Thoreau pointed out that there are artists in life, persons who can change the color
of a day and make it beautiful to those with whom they come in contact. We claim that
there are adepts, masters in life who make it divine, as in all other arts. Is it not the
greatest art of all, this which affects the very atmosphere in which we live? That it is the
most important is seen at once, when we remember that every person who draws the
breath of life affects the mental and moral atmosphere of the world, - and helps to color the
day for those about him. Those who do not help to elevate the thoughts and lives of others
must of necessity either paralyse them by indifference, or actively drag them down. When
this point is reached, then the art of life is converted into the science of death; we see the
black magician at work. And no one can be quite inactive.
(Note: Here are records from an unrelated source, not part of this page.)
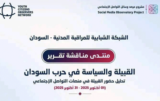 نظّمت الشبكة الشبابية للمراقبة المدنية (YCON)، في 11 يناير 2026، منتدى حواريًا لمناقشة تقريرها الصادر حديثًا بعنوان “القبيلة والسياسة في حرب السودان”، وذلك عبر منصة (زووم)، مع بث مباشر على صفحتها في موقع فيسبوك، وبمشاركة نخبة من الباحثين والكتّاب والمحللين السياسيين والإعلاميين.
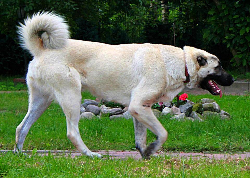 Хвост прямой и немного загнутый. Купировать его не принято. Когда пес насторожен, хвост закручивается кольцом, высоко поднимаясь за спину, особенно у мальчиков. Анатолийская овчарка на фото выглядит одновременно надежной и опасной.
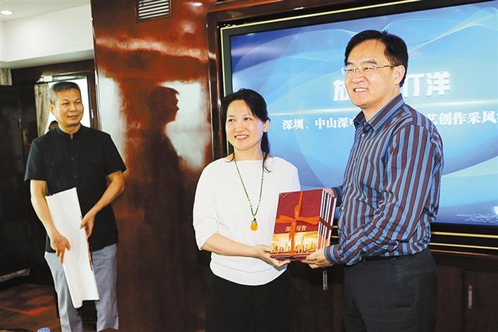 在采風(fēng)活動中,廣東省作協(xié)副主席、中山市政協(xié)主席丘樹宏向深圳文藝家介紹了偉人故里中山市社會經(jīng)濟發(fā)展情況。他說,深圳與中山淵源頗深,現(xiàn)在橋還沒通,但兩地文化先通、藝術(shù)先通、人心先通。深圳市文聯(lián)黨組書記、主席李瑞琦表示,此次兩地文藝界聯(lián)合組織采風(fēng)活動,增進了文藝家們的聯(lián)系,推動了兩地文藝創(chuàng)作。希望兩地文藝界常來常往,創(chuàng)作出更多反映偉大新時代的優(yōu)秀作品。
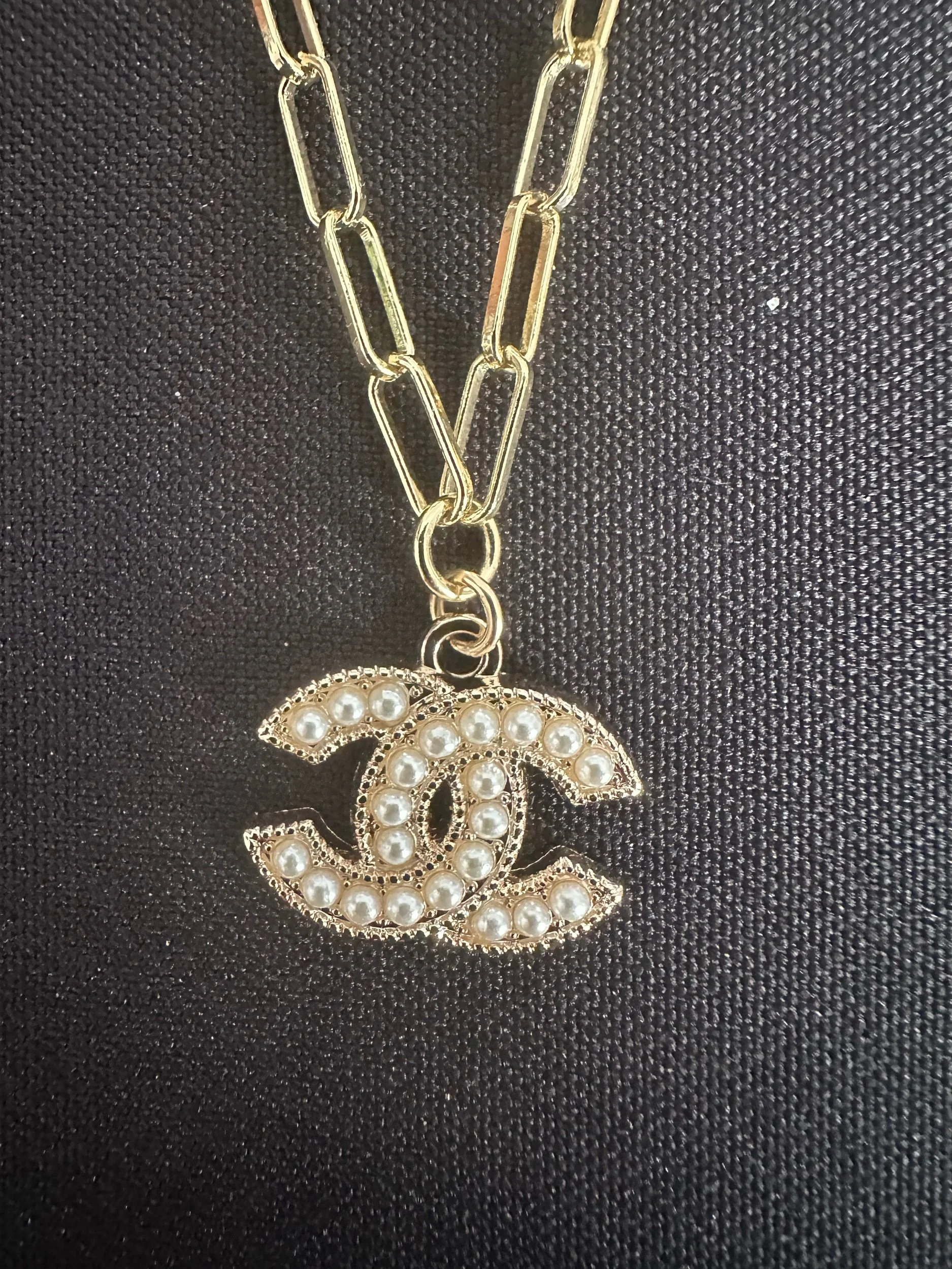 Shop › Pearl Chanel Button Necklace Image 1 of 1 Pearl Chanel Button Necklace $90.00 Pearl Chanel Button Necklace on 18 inch chain with 2 inch extension Purchase Added! Pearl Chanel Button Necklace on 18 inch chain with 2 inch extension Reviews Reviewer Name Review Date Star Rating Description Posted on Etsy Product Show More

Neither happiness nor prosperity are always the best of bedfellows for such
undeveloped mortals as most of us are; they seldom bring with them peace, which is the
only permanent joy. The idea of peace is usually connected with the close of life and a
religious state of mind. That kind of peace will however generally be found to contain the
element of expectation. The pleasures of this world have been surrendered, and the soul
waits contentedly in expectation of the pleasures of the next. The peace of the philosophic
mind is very different from this and can be attained too early in life when pleasure has
scarcely been tasted, as well as when it has been fully drunk of.
The American Transcendentalists discovered that life could be made a sublime
thing without any assistance from circumstances or outside sources of pleasure and
prosperity. Of course this had been discovered many times before, and Emerson only took
up again the cry raised by Epictetus. But every man has to discover this fact freshly for
himself, and when once he has realized it he knows that he would be a wretch if he did not
endeavor to make the possibility a reality in his own life. The stoic became sublime
because he recognized his own absolute responsibility and did not try to evade it; the
Transcendentalists was even more, because he had faith in the unknown and untried
possibilities which lay within himself. The occultist fully recognizes the responsibility and
claims his title by having both tried and acquired knowledge of his own possibilities. The
Theosophist who is at all in earnest, sees his responsibility and endeavors to find
knowledge, living, in the meantime, up to the highest standard of which he is aware.
The earth passes through its definite phases and man with it; and as a day can be
colored so can a year. The astral life of the earth is young and strong between Christmas
and Easter. Those who form their wishes now will have added strength to fulfill them
- H.P. Blavatsky, Lucifer, January, 1888.